The Sword of Rhiannon
- First book publication
- Author: Leigh Brackett
- Cover artist: Robert E. Schulz
- Language: English
- Genre: Science fiction
- Publisher: Ace Books
- Publication date: 1953 (first book publication)
- Publication place: United States
- Media type: Print (Paperback)
- Pages: 131
- OCLC: 4880559

= The Sword of Rhiannon =

1949 novel by Leigh Brackett

The Sword of Rhiannon is a science fantasy novel by American writer Leigh Brackett, set in her usual venue of Mars. A 1942 Brackett story, "The Sorcerer of Rhiannon", also uses the name; however, it is the name of a place rather than a character.

==Publication==
The novel was first published in the June 1949 issue of Thrilling Wonder Stories as "Sea-Kings of Mars". Its first book publication was in the early Ace Double D-36 with Conan the Conqueror by Robert E. Howard.

==Summary==
The protagonist is Matthew Carse, a 35-year-old former archaeologist-turned-thief in the Martian city of Jekkara. He is approached by Penkawr, who attempts to coerce Carse into helping him sell the Sword of Rhiannon, which is a relic stolen from a Martian tomb. Rhiannon was a legendary figure from the ancient Martian race of the Quiru who made the Promethean decision to share Quiru science with another race of Martians, the Dhuvians. Like Prometheus, his actions did not go unpunished: he was sealed in a tomb and became known to history as "The Cursed One". The Quiru left Mars to the Dhuvians and other sentient races soon afterward.
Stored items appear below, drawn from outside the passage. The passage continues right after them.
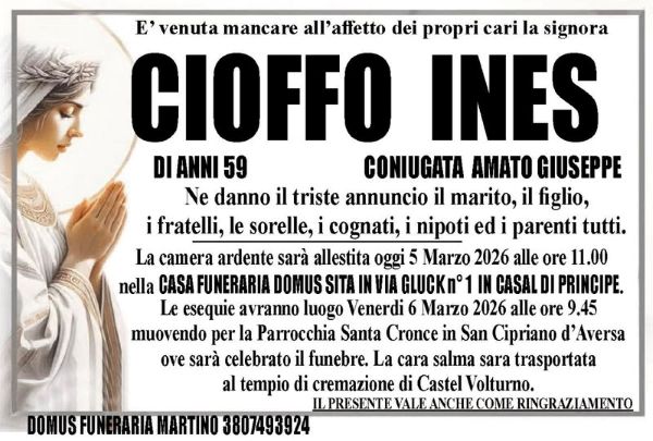San Cipriano d’Aversa. La città di San Cipriano d’Aversa è stata colpita da un doloroso lutto. Una madre di famiglia se ne è andata via prematuramente, all’età di 59 anni. Si chiamava Ines.
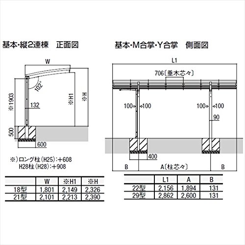 ●間口サイズ違いの合掌、奥行サイズ違いの連棟の場合は、施工時に部材・部品が入れ違うことのないようにご注意ください。
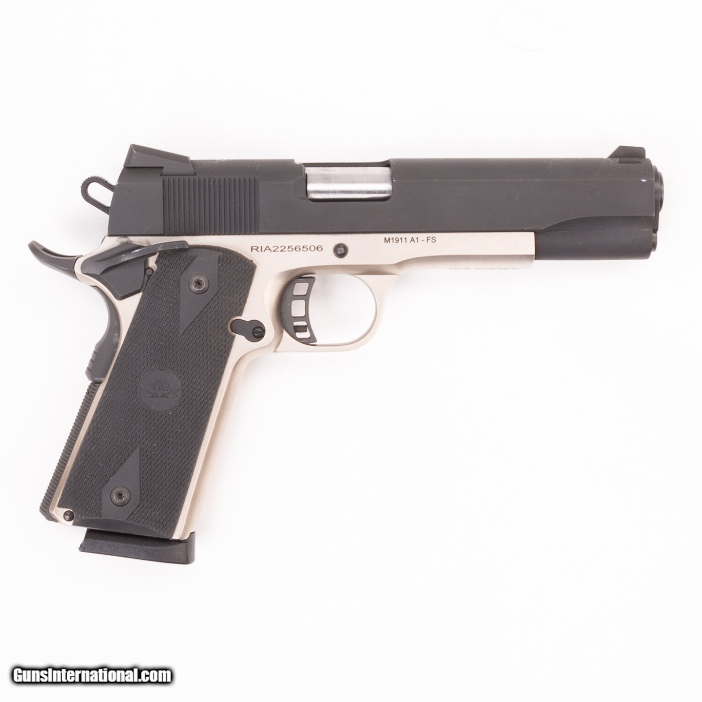 Description: Guns Listing ID: 401489 This 1911 A1 FS pairs a silver frame with a black slide and black rubber grips. It features a grip safety, ambidextrous thumb safety, and a square notch rear sight with blade front sight. One 8-round magazine is included. Get the best bang for your buck when you get a Certified Used Firearm . When you see the Certified Used stamp on any of our firearms, you can be confident that you‚‚re getting exactly what you want – a gun only in very good to excellent condition and held to the highest quality standard. All Certified Used Guns come with a ‚‚no questions asked‚‚ return policy . PLUS, ALL CERTIFIED USED GUNS SHIP FR SOLD Manufacturer: ROCK ISLAND ARMORY Model: M1911 A1-FS Caliber Info: .45 ACP Condition: Used - Certified Barrels: 5 BARREL Finish: TWO TONE. BLACK/SILVER Weight: 2.4 LBS. |

Carse accompanies Penkawr into the tomb to loot it but is transfixed by a sphere he finds within. Penkawr pushes Carse into it, sending him back millions of years to the lush Mars of the Sea-Kings. The Sea-Kings are engaged in war with the Empire of Sark, allied with the Dhuvians, and both sides wish to obtain the artifacts in Rhiannon's tomb. Carse, of course, is the only person who knows the location of the tomb, though he is uneasy. As he journeyed back, he felt that another presence had joined him.

Carse is taken captive by Lady Ywain of Sark and becomes a galley slave on her ship. Also serving as a galley slave is Boghaz, a fat, lazy criminal and merchant who initially seems more than happy to sell Carse out. However, Ywain realises that Carse possessed the Sword of Rhiannon and they attempt to extract the location of the tomb from his mind. Carse resists, with the aid of the mysterious presence, and he leads the galley slaves in mutiny.
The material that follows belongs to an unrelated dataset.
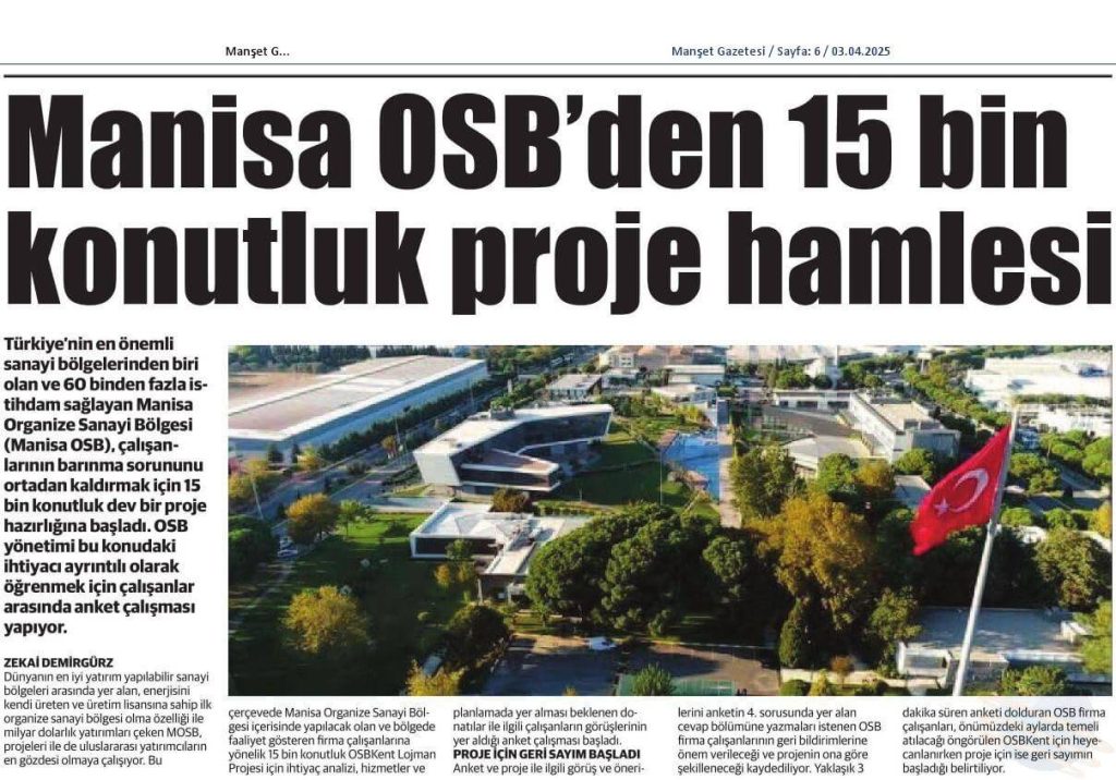 Manisa OSB’den 15 Bin Yeni Konut

Arriving at the realm of the Sea-Kings, the noblewoman Emer senses the presence in Carse, who offers to reveal the location of the tomb. The presence in Carse's mind reveals itself to be Rhiannon himself, seeking atonement for the crimes he committed eons before and the last, desperate struggle to save the planet reaches its conclusion as the whole world changes around them.

==Influence and reception==
Rich Horton reviewed the Ace Double edition as "really wonderful pulp Sword and Sorcery, pitch perfect, beautifully written, twistily plotted. The resolution is deeply romantic, with a shadow of true sadness."

The Encyclopedia of Science Fiction described it as "perhaps the finest" of Brackett's Mars novels, "concisely and eloquently written ... admirably combines adventure with a strongly romantic vision of an ancient sea-girt Martian civilization, which is described with a remarkable combination of freshness and nostalgia."